Cronicón 4.0

De cleptomanía y otros humores

Un recorrido por el noble delito de mangar libros, junto con un decálogo para poner en práctica este tipo de hurtos que incluso los bibliófilos y los lectores más formales están destinados a perpetrar en algún momento

Un fotograma de «La ladrona de libros» (2013), de Brian Percival.

Rarezas

Hoy Le Coq Espagnol, para espantar su melancolía, quiere hablarte, paciente lector, de algunos de esos aspectos raros, casi insospechados, del mundo de los libros. Por ejemplo, de los objetos inusuales encontrados dentro de los libros viejos. Cuenta Baroja en sus Intermedios (Espasa-Calpe, 1931) que en un volumen que vio en una feria de libros se encontró un trozo de trapo rojo envuelto en un papel que decía: “sangre del obispo Izquierdo, muerto por el cura Galeote, en la iglesia de San Isidro de Madrid”. El poeta Manuel García escribió en un poema de La sexta cuerda (Hiperión, 2014) el catálogo de los distintos objetos que se encontró, a lo largo de su vida, dentro de los libros viejos:

“…servilletas
de algún lejano bar, pétalos negros
de amapola, de rosa o margarita,
carnets, facturas, sellos ya matados
o por matar, entradas de teatro,
toros, cine, autobús, metro, tranvía;
cartas de amor de un fuego ya prendido
o que nunca prendió, recortes mudos
de alguna rara esquela con apodo
sacados de un diario de provincias;
postales de una mili ya lejana,
estampitas de algún casto varón
o alguna santa mártir, envoltorios
de frutas escarchadas, caramelos,
cuchillas de afeitar o pegatinas;
billetes olvidados que no tienen
ya nada que comprar, las etiquetas
de ropa o de bebidas, cromos que no
sabemos de qué liga son, tarjetas
con direcciones que ya no se encuentran
y números que ya no comunican;
hojas de calendario, recortables
huérfanos sin su niño o sin su niña;
fotos en blanco y negro y a color
de novios y de novias que tuvieron
la luz en la mirada; mil recetas
arrancadas de libros de cocina.
Entre las hojas de los libros viejos,
entre cosas caducas qué pequeña
parece nuestra vida”.

Y algunos libros antiguos tienen esos extraños agujeros, que pudieron haber sido hechos con la punta de una espada o con el impacto de una bala.
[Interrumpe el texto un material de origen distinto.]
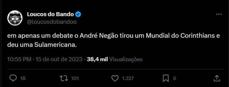 Neto ainda destacou a apresentação de André Negão, onde reconheceu os serviços que foram prestados ao Clube pelo candidato. Mas, entregou que ele ajudou na construção do Centro de Treinamento e do estádio, mas recordou que a dívida atual chega em torno de R$ 1 bilhão. Neto ainda criticou o despreparado do candidato, que desconhecia a história do Clube. “Como é que um candidato como o André Negão vai despreparado, não consegue falar? Imagina ele sentado com as empresas (de comunicação) pra vender uma propaganda. Como o Corinthians vai estar preparado com isso?”, indagou. “Não sabe que o Corinthians foi campeão (Mundial) em 2000. Eu fiz (a transmissão). Foi uma das maiores audiências”, relembrou.

Otro caso singular es el de los libros encuadernados con piel humana: la encuadernación antropodérmica. Baroja dice en sus Intermedios haber visto en París un libro encuadernado con la piel de Pranzini, un famoso aventurero. Y en la Revolución Francesa mandaban usar, como ejemplo didáctico para las siguientes generaciones, la piel de los nobles guillotinados para encuadernar ejemplares de la nueva constitución francesa. La piel humana, parecida a la del cerdo por sus excesivos poros, no es precisamente la que mejor se curte para la encuadernación, ni la más delicada para ese fin.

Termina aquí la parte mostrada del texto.